Fili wusste einfach nicht, was er dazu sagen sollte. Verzweifelt

schüttelte er schließlich den Kopf und abermals legte sich ein

Schweigen über sie.

,,Und deine Elbe ist wirklich so in Ordnung wie Marie?“

Dass sein Bruder ihn über sie fragte, gefiel ihm. ,,Sie ist… faszinierend. Wie sie sprich…wie sie sich bewegt, wie sie kämpft. Ich würde gern mehr über sie wissen - über Elben. Und…“

,,Kili, spinnst du?!“

Die Stimme von seinem Bruder ließ ihn zusammen zucken.
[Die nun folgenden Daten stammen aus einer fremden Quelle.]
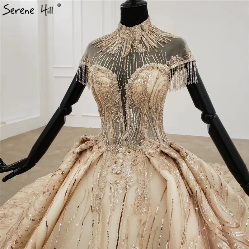 Отзывы о Серен Хилл Дубай роскошное Золотое свадебное платье с высоким воротом 2020 блесток

Fassungslos starrte dieser ihn an. ,,Hörst du dir eigentlich selber

zu? Das ist ne‘ Spitzohrin.“

Dann rutschte es ihm raus. ,,Thorin liebt doch auch Marie…“

Und auf einmal bekam Fili noch größere Augen. ,,Du magst sie“, stellte er tonlos fest. Schnell wich Kili seinem Blick aus, schaute weg. ,,Du magst sie wirklich.“

,,Und wenn schon…“

,,Kili, verrenn dich da in der Sache nicht. Abgesehen davon, dass sie ein Elb ist…Ich glaube, dass der Blonde…“

Sein jüngerer Bruder schaute ihn an.

,,Der blonde Elb… Ich glaube, dass das ihr Freund ist.“

,,Ihr Freund?“

,,Hm. Hatte den Eindruck als ob.“

Ihr Freund. Kili ließ die Worte auf sich wirken. Vor seinen Augen tauchte das Bild auf, als sie zusammen gekämpft hatten und ergab für ihn einen Sinn. War es nicht auch er gewesen, der sie in der Schlucht gerufen hatte? Schwer musste er schlucken und drehte das Gesicht weg.

,,Hey, Brüderchen…“ Fili fasste ihm an die Schulter, doch er schüttelte seine Hand ab.
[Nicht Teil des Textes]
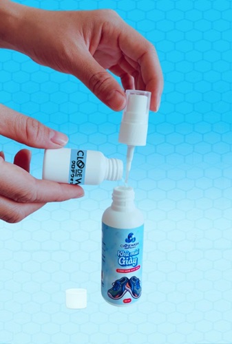 • Sản phẩm Chai xịt khử mùi giày Công nghệ Nhật Bản CLODEWASH của chúng tôi hoạt động dựa vào cơ chế sản sinh ra khí Clo dioxide (ClO2).

,,Lass mich in Ruhe, Fili“, knurrte er und rollte sich zur anderen Seite. Bittere Tränen stiegen ihm in die Augen, die er wütend sich verkniff. Wegen dem dadurch verursachten Schmerz in seinem Bein und der Enttäuschung, die er verspürte.








12



Der Wind ließ ihre Haare wehen, als würde er mit ihnen spielen und brachte den Geruch von Tod mit.

Das Gras beugte sich unter seiner Stärke, ein Meer, welches das riesige Tal auskleidete. Die Luft war schwer von Rauch und Ruß.
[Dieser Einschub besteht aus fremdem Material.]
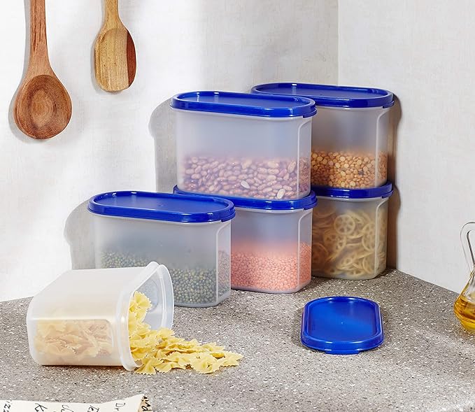 Solimo Modular Plastic Storage Containers with Lid, Set of 6, 1.2L, Blue

Es war gespenstisch still geworden.

Damit sie allein, nur mit den Bildern in ihrem Kopf und ihren Gedanken nicht verrückt wurde, hatte ihr Körper sich eine Aufgabe gesucht. Immer wieder rupfte ihre Hand Gras heraus. Beidhändig riss sie die einzelnen Halme in kleine Stücke und ließ sie wieder fallen. Es waren routinierte, einfache Handgriffe, die sie monoton immer wieder abrief, um ihren Geist von den schrecklichen Bildern abzulenken, die sie gesehen hatte.

Vor ihr war der Abgrund, der Dale zum Teil umschloss.

Es wäre ein leichtes gewesen einfach zu springen.

Schwerelos für einen Moment.

Das Donnern des gewaltigen Wasserfalls am Rabenberg an der Westseite des Berges, der den Fluss, der an Dale und unter ihr entlang rauschte, speiste, war schwach zu hören. Ausdruckslos starrten ihre grünen Augen auf die andere Seite, über die qualmenden Ruinen hinweg und zu dem Bergsattel, über den sie gezogen waren. Vom Kiefernwald war nichts mehr übrig. Ein graues, feines Totentuch seiner Asche hatte sich über alles gelegt.

Jemand sagte ihren Namen. Eine Hand legte sich abermals auf ihre Schulter, unter der sie zusammen zuckte. ,,Bitte, steh auf.“

Die Bitte ihrer Mutter war von keiner Bedeutung. Nichts hatte Bedeutung mehr. Alles prallte an ihr ab. Ihr Geist hatte sich abge-schottet, um zu heilen. Um vergessen zu können.

Myrrte kniete sich neben sie. ,,Du musst loslassen.“

Loslassen. Wieso ging es nicht?

,,Marie…“ Sie hatte geweint, dass konnte Marie hören.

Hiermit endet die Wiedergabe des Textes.